Po wojnie Oyama trenował w Goju-Ryu u Nei-Chu So, Koreańczyka, który pochodził z tej samej prowincji, w której urodził się Oyama. So nauczał również filozofii i spirytualizmu oraz nawrócił go na sektę buddyzmu Nichiren.
Oyama wdawał się również w bójki z amerykańskimi żołnierzami stacjonującymi w Japonii. Po odbyciu służby i stracie przyjaciół w czasie wojny, Oyama żywił wiele niechęci do amerykańskich żołnierzy.
Pewnej nocy, podczas lokalnego konkursu tańca, Oyama natknął się na mężczyznę napastującego kobietę i podjął interwencję. Mężczyzna był podejrzany o morderstwo i miał historię innych przestępstw, a kiedy stanął przed nim, wyciągnął nóż i zaatakował. Oyama bronił się i jednym ciosem w głowę zabił mężczyznę. Chociaż naoczni świadkowie potwierdzili, że było to w obronie własnej i uzasadnione, wydarzenie to było druzgocące dla Oyamy.

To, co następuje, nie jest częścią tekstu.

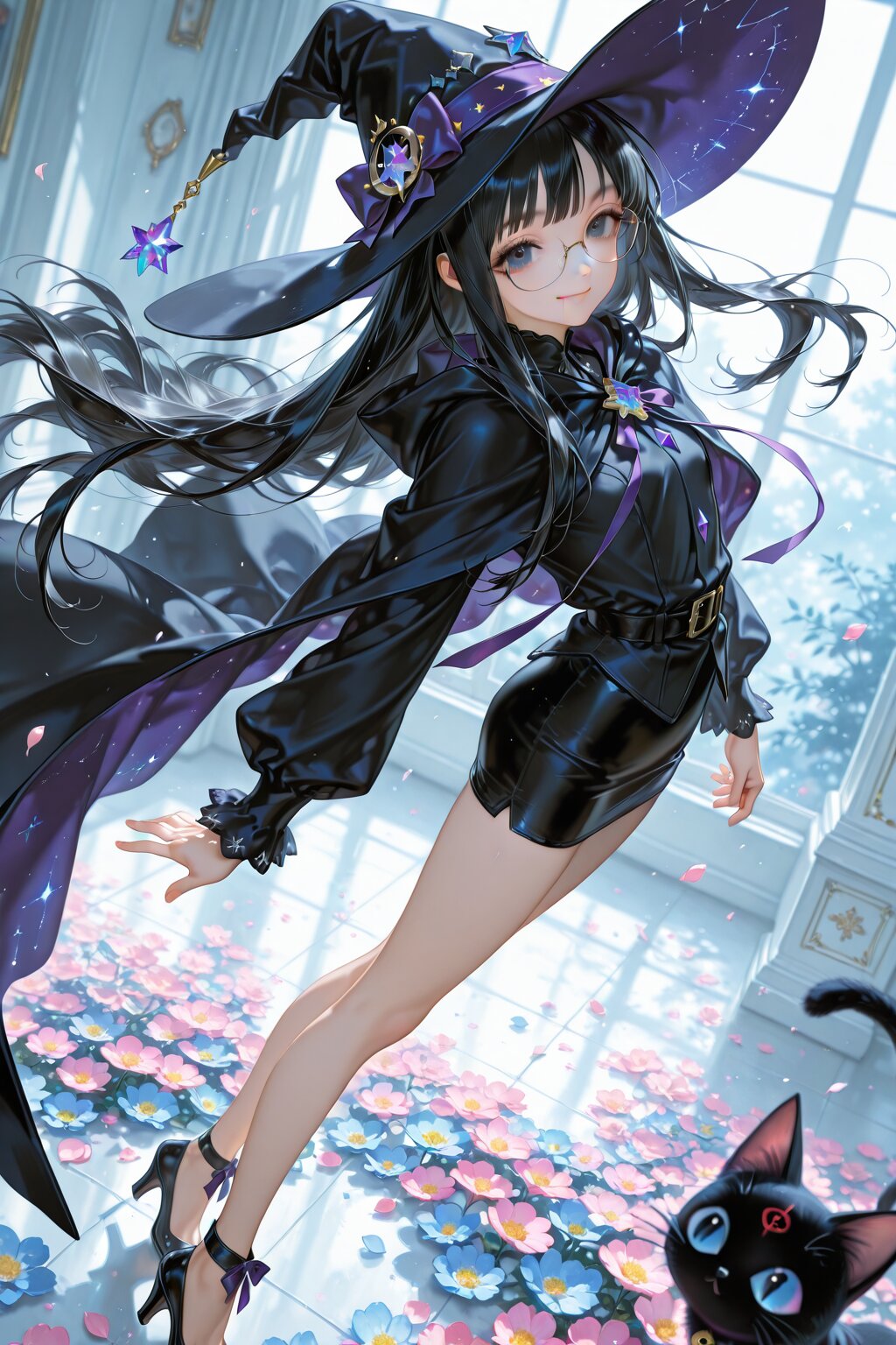 delicate illustration, highly decorative, (watercolor style illustration, spring colors). (perspective, super dynamic angle from front), diagonal view. 1girl with glasses:1.3, tareme, wearing a witch hat and jacket, mage robe, tight miniskirt, (straight black hair, very long hair:1.3), floating hair, high-heels, slim legs, and a black kitty, BREAK beautiful small face, long eyelashes, double eyelids, smile, kawaii, cute, flat chest, slender, {exquisitely delicate skin}, perfect anatomy, (dynamic angle, dynamic pose), BREAK perfect AI rendering, three-quarter view. ((DOF), blurry foreground), sharp focus on the girl, increasing depth, realistic background. BREAK (masterpiece, anime, highly detailed, high quality, soft lighting), high resolution, super fine illustration, anime art style.
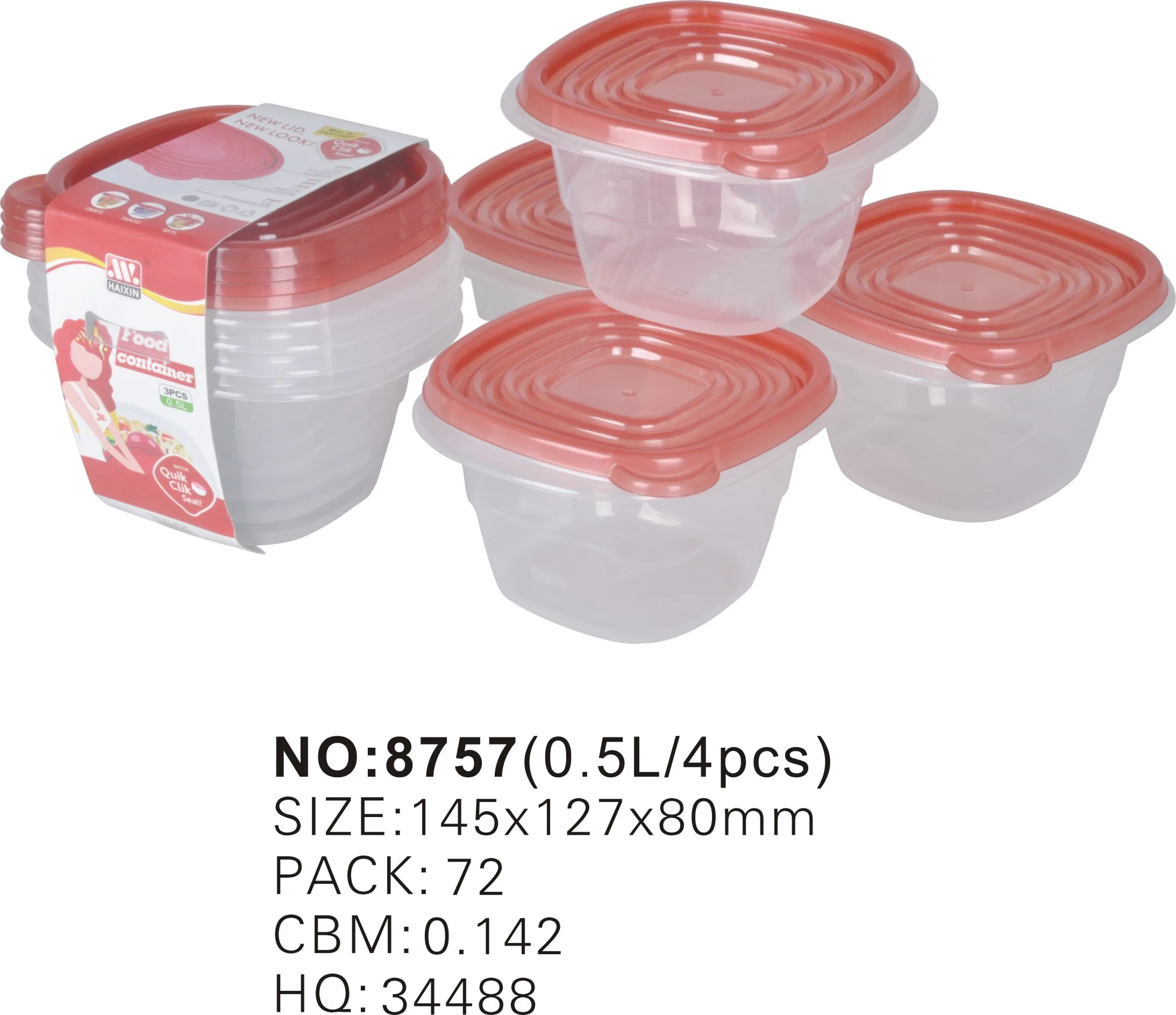 Item | 4 Pack 0.5L Plastic Food Storage Container Set |
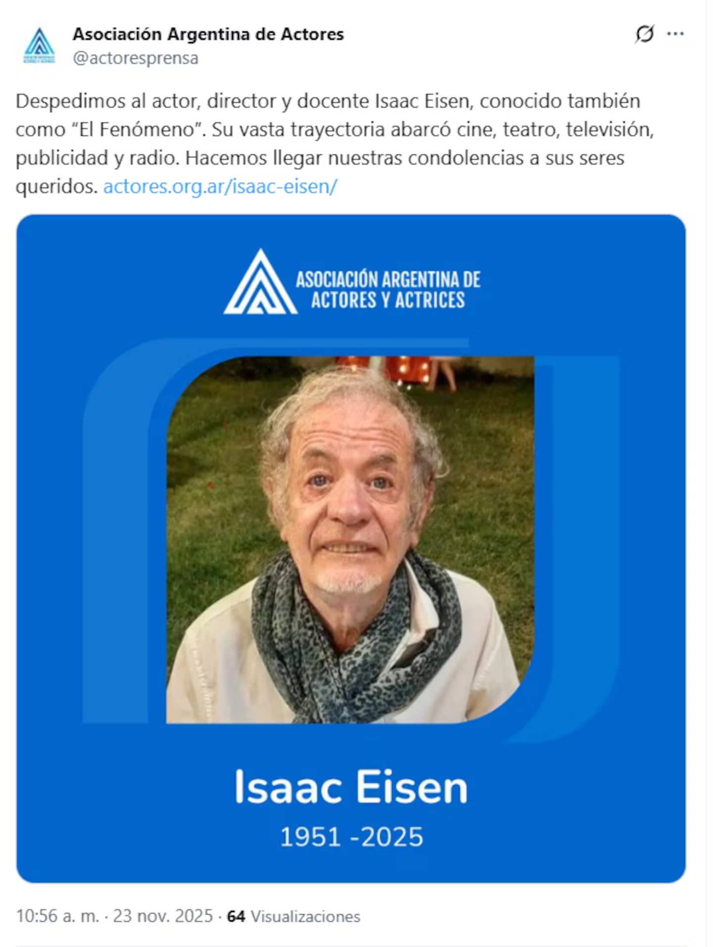 “Despedimos al actor, director y docente Isaac Eisen, conocido también como ‘El fenómeno’. Su vasta trayectoria abarcó cine, teatro, televisión, publicidad y radio”, se lee en el comunicado de la Asociación Argentina de Actores.
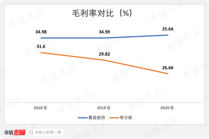 公司的毛利率连续三年稳定在35%附近,而同行业的哈尔斯的毛利率从31.6%下滑至26.66%,2020年,与嘉益股份相差近9个百分点。
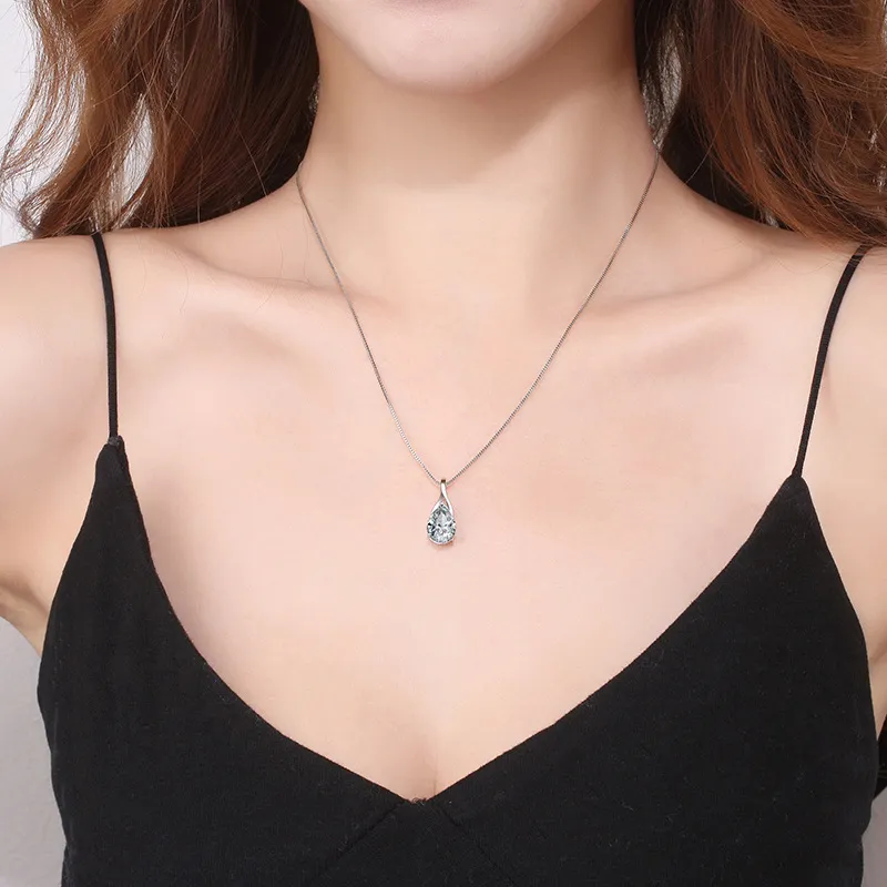 Clavicle Necklace Diamond Angel Tears Drop Pendant Silver Plated Jewelry
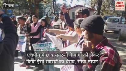 हिमाचल प्रदेश विश्वविद्यालय में छात्र संगठनों ने मांगों को लेकर ईसी सदस्यों का घेराव किया। एसएफआई व एबीवीपी पदाधिकारियों ने ईसी सदस्यों को मांगपत्र भी साैपे। आज एचपीयू में ईसी की बैठक आयोजित की जा रही है।
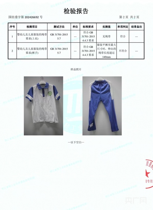 央广网呼和浩特11月12日消息(记者刘欣荣)内蒙古自治区产品质量检验研究院近日委托浙江省轻工业产品质量检验研究院国家纺织服装产品质量检验检测中心(浙江)对市场上流通的学生装进行了检测。检验报告显示,呼和浩特市区宁宁服装加工部生产的仕司奇牌学生装腰间绳带偏长,不符合国标,目前正在积极召回。
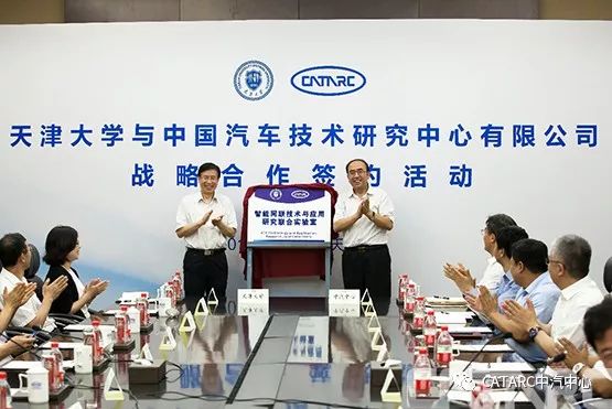 天津大学党委书记李家俊、中汽中心党委书记、董事长、总经理于凯共同为智能网联技术与应用联合实验室揭牌
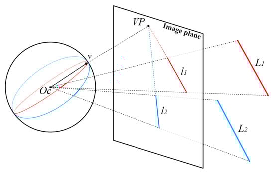 By mapping the lines on the image to a unit Gaussian sphere [37,38], the arcs formed by the parallel lines intersect at a common point. The direction from the sphere center to the intersection point represents the VP direction of the parallel lines. By clustering the intersections, the VPs and parallel lines of the image can be obtained, as shown in Figure 2. We adopted a coarse-to-fine strategy. Initially, we employed Gaussian sphere mapping to extract the VPs approximately and group the lines with the same direction. We then used orthogonal constraints to filter out the VPs and lines in three orthogonal directions. Finally, the RANSAC [39] method was applied to accurately solve the VP coordinates for each line group. We referred to the lines in each VP direction as structural lines, and tracked these structural lines between consecutive frames.
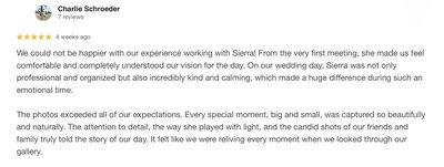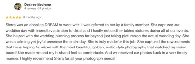 Where do I even begin?! Working with Sierra was nothing less than a dream come true. I was hoping to capture our new family of four in a way that felt timeless, classic, and candid; and Sierra accomplished that in a way that still leaves me in awe. The photos are deeply touching, and so true to who our family is. From the gorgeous location (which she found specifically for our shoot) to her patient guidance, Sierra was able to piece every little detail together and weave the still photos into a breathtaking story of our family. I feel so much gratitude for her gifts. Now we have keepsakes to treasure for a lifetime. I would urge anyone and everyone to book with her!
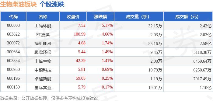 证券之星消息,1月5日生物柴油板块较上一交易日上涨1.86%,山高环能领涨。当日上证指数报收于4023.42,上涨1.38%。深证成指报收于13828.63,上涨2.24%。生物柴油板块个股涨跌见下表:
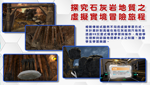 本教材旨在透過虛擬實境VR技術導入「探究石灰岩地質之虛擬實境冒險旅程」地理教材開發,透過VR沉浸式場景學習與操作,結合高雄在地石灰岩洞穴地形體驗,與傳統式截然不同的3D虛擬學習方式,有助於理解與認識地理課本上的活知識,激發學生學習興趣。
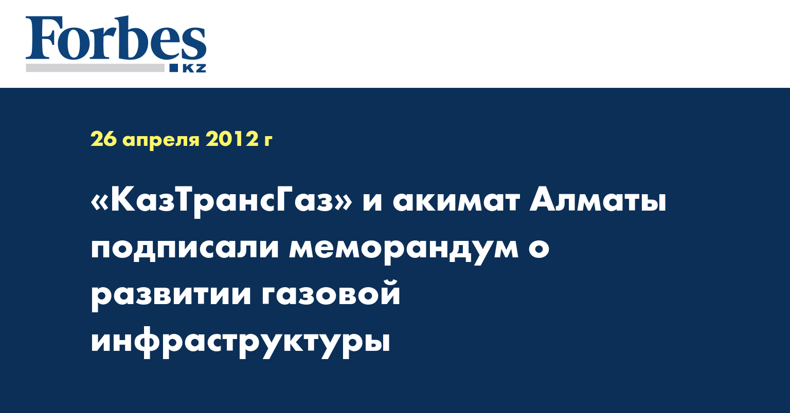 «Сегодня состоялось подписание меморандума о совместных действиях между АО «КазТрансГаз» (дочерняя компания АО «НК «КазМунайГаз») и акиматом Алматы в рамках дальнейшего развития газовой инфраструктуры Алматы и согласно плану мероприятий «Комплексной программы по снижению загрязнения окружающей среды города Алматы на 2009-2018 годы», - указывается в информации, распространенной в четверг.
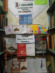 1 декабря в Маматкозинской сельской библиотеке библиотекарь Елена Седова оформила выставку «СПИД: Мода. Образ жизни. Смерть», посвященная Всемирному дню борьбы со СПИДом.
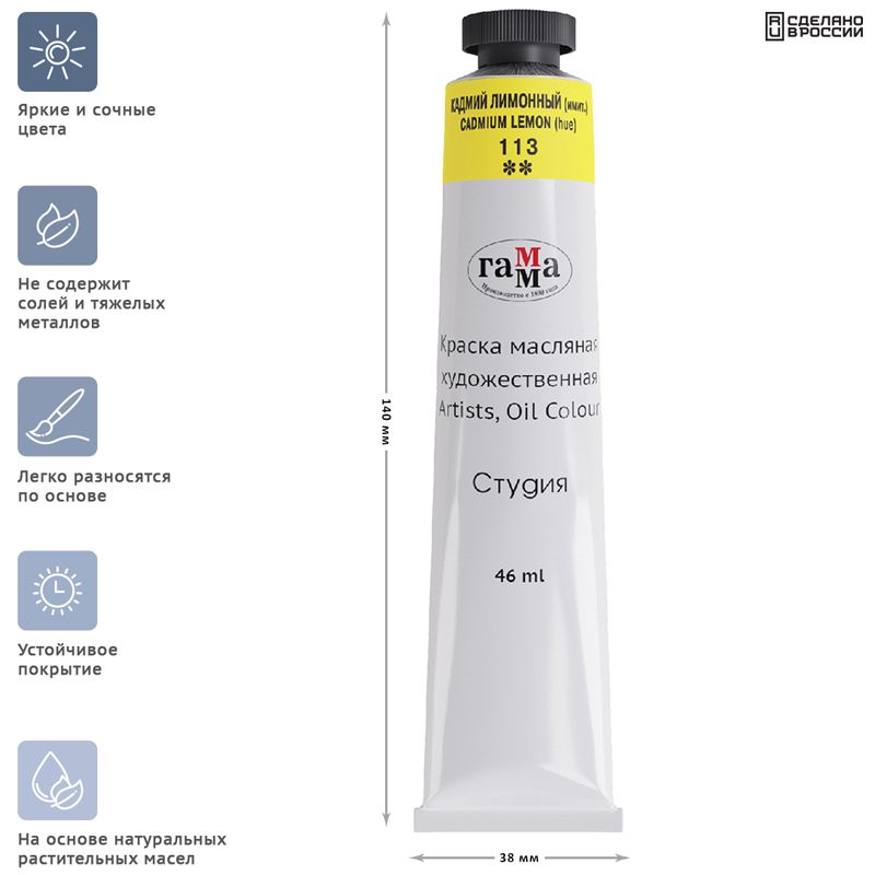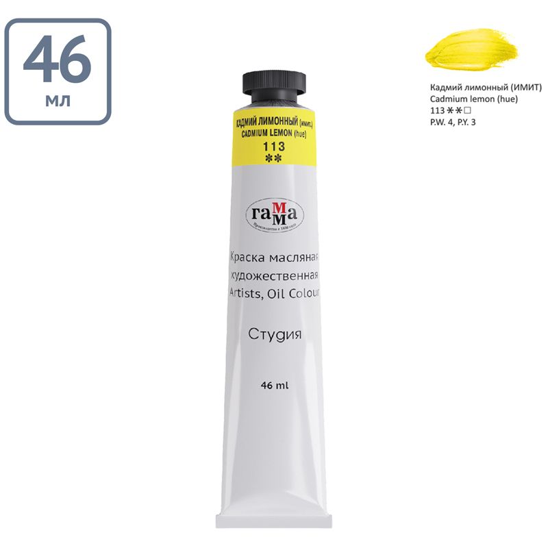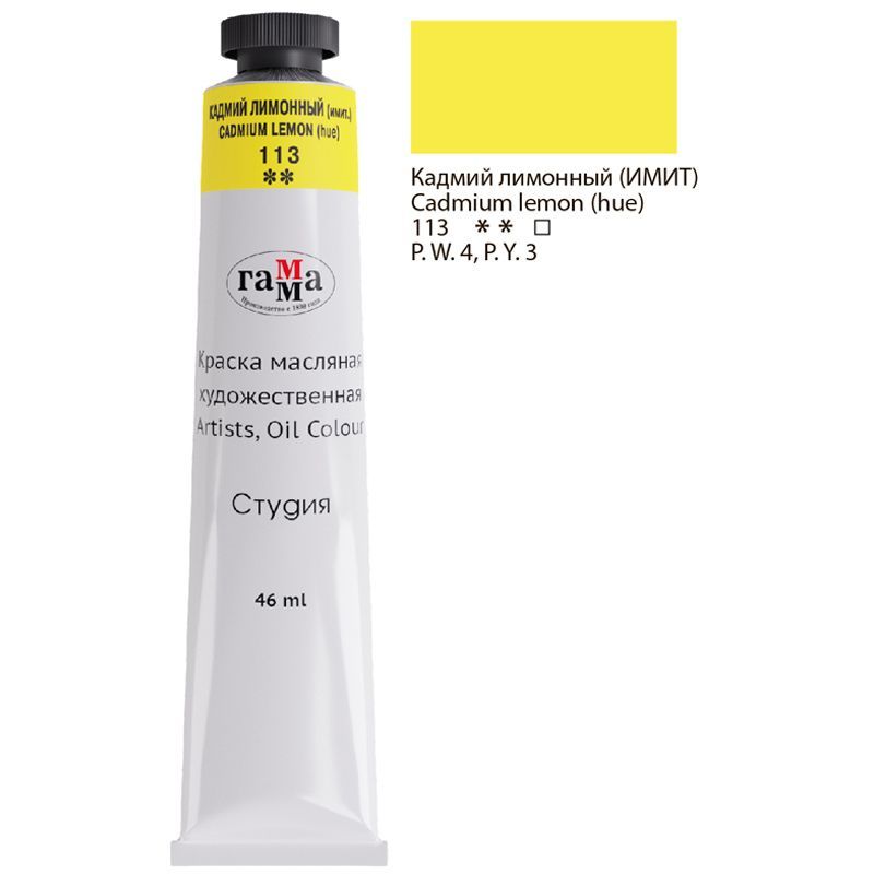 Краска масляная художественная Гамма "Студия", 46мл, туба, кадмий лимонный (имит.)

Jeszcze gorsze było to, że dowiedział się, że człowiek, którego zabił miał żonę i dzieci. Porzucił treningi sztuk walki i przeniósł się na farmę tej kobiety. Pracował tam przez kilka miesięcy, dopóki nie poradziła sobie z prowadzeniem jej sama i dopóki nie obarczyła go odpowiedzialnością za śmierć swojego męża.
Poświęcając swoje życie Karate
Kiedy Mas Oyama powrócił do karate, odkrył, że jego życie nie ma innego celu. Miał problemy prawne z powodu walk z personelem wojskowym i ulicznymi bandytami. Przypadkowo zabił człowieka w czasie starcia. Jego kariera wojskowa zakończyła się wraz z końcem II wojny światowej i została zastąpiona tym samym hańbą, którą wielu Japończyków odczuwało wraz z porażką ich kraju. To właśnie w tym czasie Nei-Chu So przekonał go, że powinien oficjalnie poświęcić swoje życie Karate.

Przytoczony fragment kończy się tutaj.